Sunday, 30 March 2014

Stress

Yesterday, inspired by the Guardian's Secret Teacher piece about a teacher who has become so busy he is eating his lunchtime sandwich at the urinal.  http://www.theguardian.com/teacher-network/teacher-blog/2014/mar/29/teacher-time-standards  I wrote a blog about stress.

After I read the article in the Guardian I felt angry. I was angry that anyone should feel under that much pressure and then I became angry that these articles are published and then shared amongst teachers, each of them adding their horror stories as a badge of honour.   What I wrote in anger sounded preachy and so I  deleted it. What I'd like to read is more from teachers who do have a life, who aren't feeling stress to the point of breaking because they are the teachers we need to learn from.  I know that I'm not a 'proper' teacher so maybe my experience doesn't count but I thought it might help if I shared, honestly, how I try to avoid stress.

1.  I am busy.  Now, I know that sounds like a contradiction but I find that I faff if I have a lot of time.  If I have a whole Sunday with nothing to do then I can spend a whole Sunday planning lessons and marking work but if I don't then I get it done in a few hours.

2.  I eat lunch every day (even though I do a lunchtime club every day).
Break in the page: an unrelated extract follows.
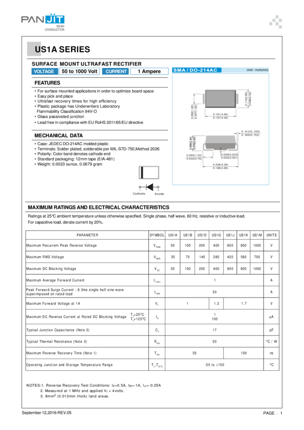 Diode Ultra Fast Rectifier 800V 1A 2-Pin DO-214AC Plastic T/R

I don't think it matters how busy you are it is important to sit with your colleagues and eat.  Nutrition is so important and you can't function properly without it.  I think the change of scene does my brain good too.

3.  I make lists.  Lists are important, otherwise it all just swirls around in your head.

4.  I don't worry about what I haven't done.  Lists should never be empty and if anyone asks if I've done something that I haven't and should have done I just tell them, "It's on my list!" or, "I'll put it on my list."

5.  Although, I am bad at saying 'No' to things I have learnt to get out of things by delaying and saying, "I'll check my diary."  Some people never ask you again and if they do you have had time to decide if it's something you really want to do.

6.  I get some exercise.  I'm no gym-queen or lycra-lover but I do walk the dog, swim and dig the allotment.  When everything feels like it's getting on top of me there is nothing like fresh air (or blue water) to improve my mood.

7.  I try to do the things I enjoy more often than the things I don't and when I'm really busy I try to remember that I only have myself to blame.  I could have chosen to do less.  It may be expected that I continue all the extra-curricular stuff I do but if I stopped then I would have more time but be less happy.

8.  I try to think of paperwork as the necessary evil.  It's the thing that needs to be done to do the lovely stuff. I only do what is necessary.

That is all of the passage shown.